PROVIDED DATA:
BEGIN

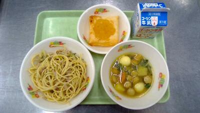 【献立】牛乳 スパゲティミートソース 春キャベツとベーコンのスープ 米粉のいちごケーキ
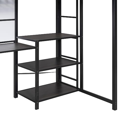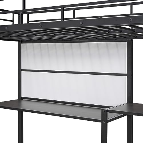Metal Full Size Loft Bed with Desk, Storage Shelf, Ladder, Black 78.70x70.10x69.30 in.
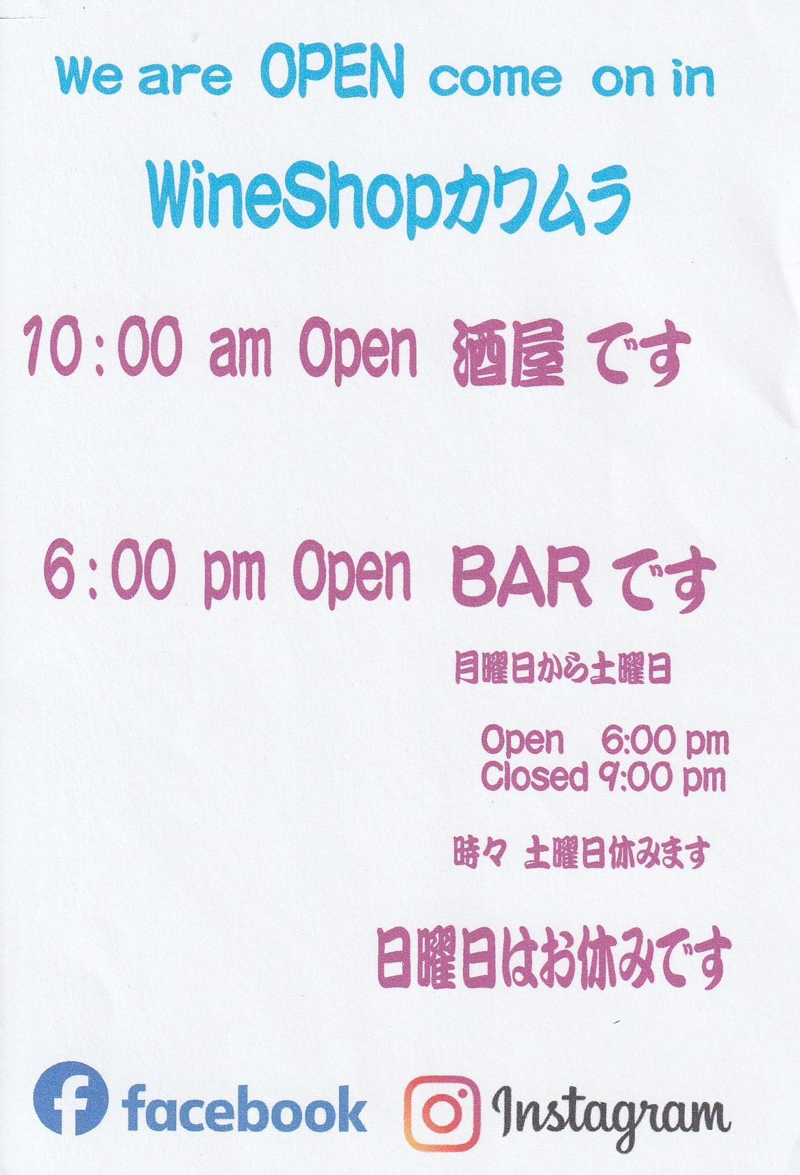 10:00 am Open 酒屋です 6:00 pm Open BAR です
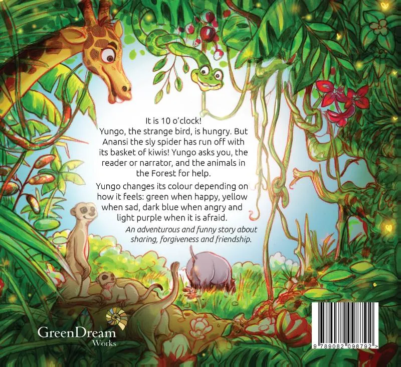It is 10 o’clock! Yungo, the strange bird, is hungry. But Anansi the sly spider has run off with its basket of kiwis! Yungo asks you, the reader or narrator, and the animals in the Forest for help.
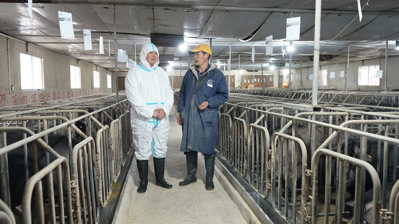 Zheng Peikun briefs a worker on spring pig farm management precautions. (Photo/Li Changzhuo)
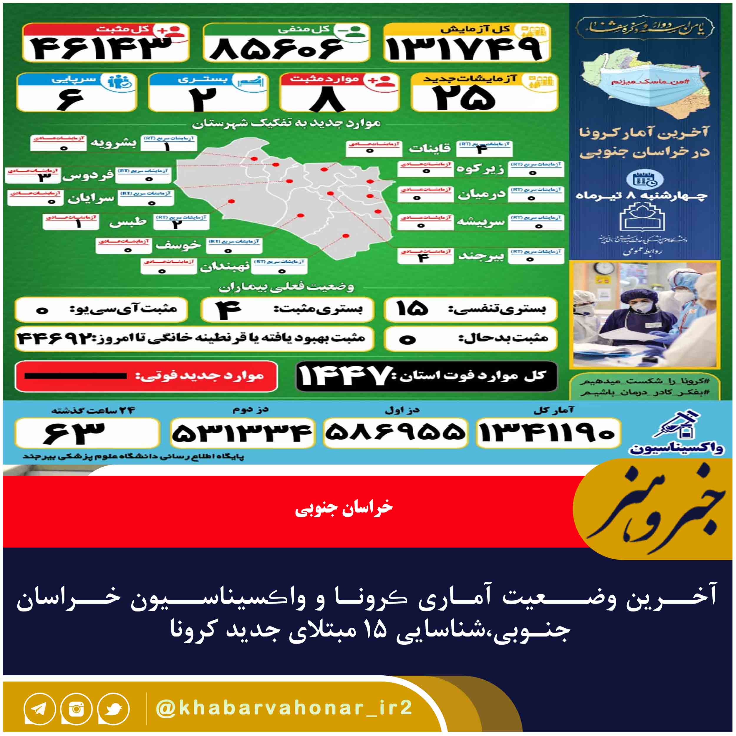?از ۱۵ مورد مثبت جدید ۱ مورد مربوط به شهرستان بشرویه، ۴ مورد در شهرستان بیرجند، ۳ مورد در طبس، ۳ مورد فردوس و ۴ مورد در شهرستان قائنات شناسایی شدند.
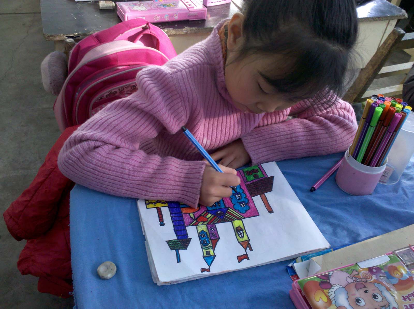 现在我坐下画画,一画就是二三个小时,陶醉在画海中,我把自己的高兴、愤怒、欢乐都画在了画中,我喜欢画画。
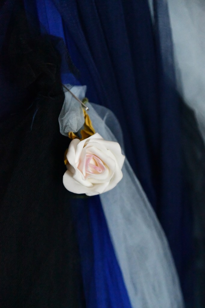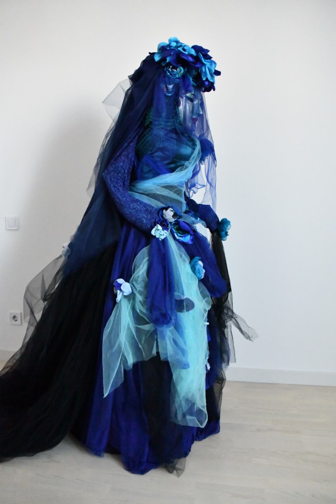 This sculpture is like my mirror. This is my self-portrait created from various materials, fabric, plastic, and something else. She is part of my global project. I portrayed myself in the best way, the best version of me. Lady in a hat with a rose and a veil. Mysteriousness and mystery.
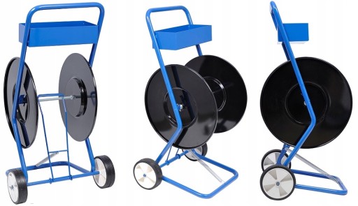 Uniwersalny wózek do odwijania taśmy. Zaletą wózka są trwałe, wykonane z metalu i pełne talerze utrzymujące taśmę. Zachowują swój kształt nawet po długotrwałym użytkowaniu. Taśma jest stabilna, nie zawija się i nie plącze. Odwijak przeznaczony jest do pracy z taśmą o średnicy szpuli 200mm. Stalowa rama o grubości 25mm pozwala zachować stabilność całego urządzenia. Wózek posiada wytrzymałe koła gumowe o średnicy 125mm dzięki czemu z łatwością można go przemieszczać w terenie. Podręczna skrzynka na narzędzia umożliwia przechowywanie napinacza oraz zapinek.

END

ACTIVITY: Retype the listing exactly. Skip every picture.

RESULT FOR THIS TASK:
 【献立】牛乳 スパゲティミートソース 春キャベツとベーコンのスープ 米粉のいちごケーキ
Metal Full Size Loft Bed with Desk, Storage Shelf, Ladder, Black 78.70x70.10x69.30 in.
 10:00 am Open 酒屋です 6:00 pm Open BAR です
It is 10 o’clock! Yungo, the strange bird, is hungry. But Anansi the sly spider has run off with its basket of kiwis! Yungo asks you, the reader or narrator, and the animals in the Forest for help.
 Zheng Peikun briefs a worker on spring pig farm management precautions. (Photo/Li Changzhuo)
?از ۱۵ مورد مثبت جدید ۱ مورد مربوط به شهرستان بشرویه، ۴ مورد در شهرستان بیرجند، ۳ مورد در طبس، ۳ مورد فردوس و ۴ مورد در شهرستان قائنات شناسایی شدند.
 现在我坐下画画,一画就是二三个小时,陶醉在画海中,我把自己的高兴、愤怒、欢乐都画在了画中,我喜欢画画。
 This sculpture is like my mirror. This is my self-portrait created from various materials, fabric, plastic, and something else. She is part of my global project. I portrayed myself in the best way, the best version of me. Lady in a hat with a rose and a veil. Mysteriousness and mystery.
 Uniwersalny wózek do odwijania taśmy. Zaletą wózka są trwałe, wykonane z metalu i pełne talerze utrzymujące taśmę. Zachowują swój kształt nawet po długotrwałym użytkowaniu. Taśma jest stabilna, nie zawija się i nie plącze. Odwijak przeznaczony jest do pracy z taśmą o średnicy szpuli 200mm. Stalowa rama o grubości 25mm pozwala zachować stabilność całego urządzenia. Wózek posiada wytrzymałe koła gumowe o średnicy 125mm dzięki czemu z łatwością można go przemieszczać w terenie. Podręczna skrzynka na narzędzia umożliwia przechowywanie napinacza oraz zapinek.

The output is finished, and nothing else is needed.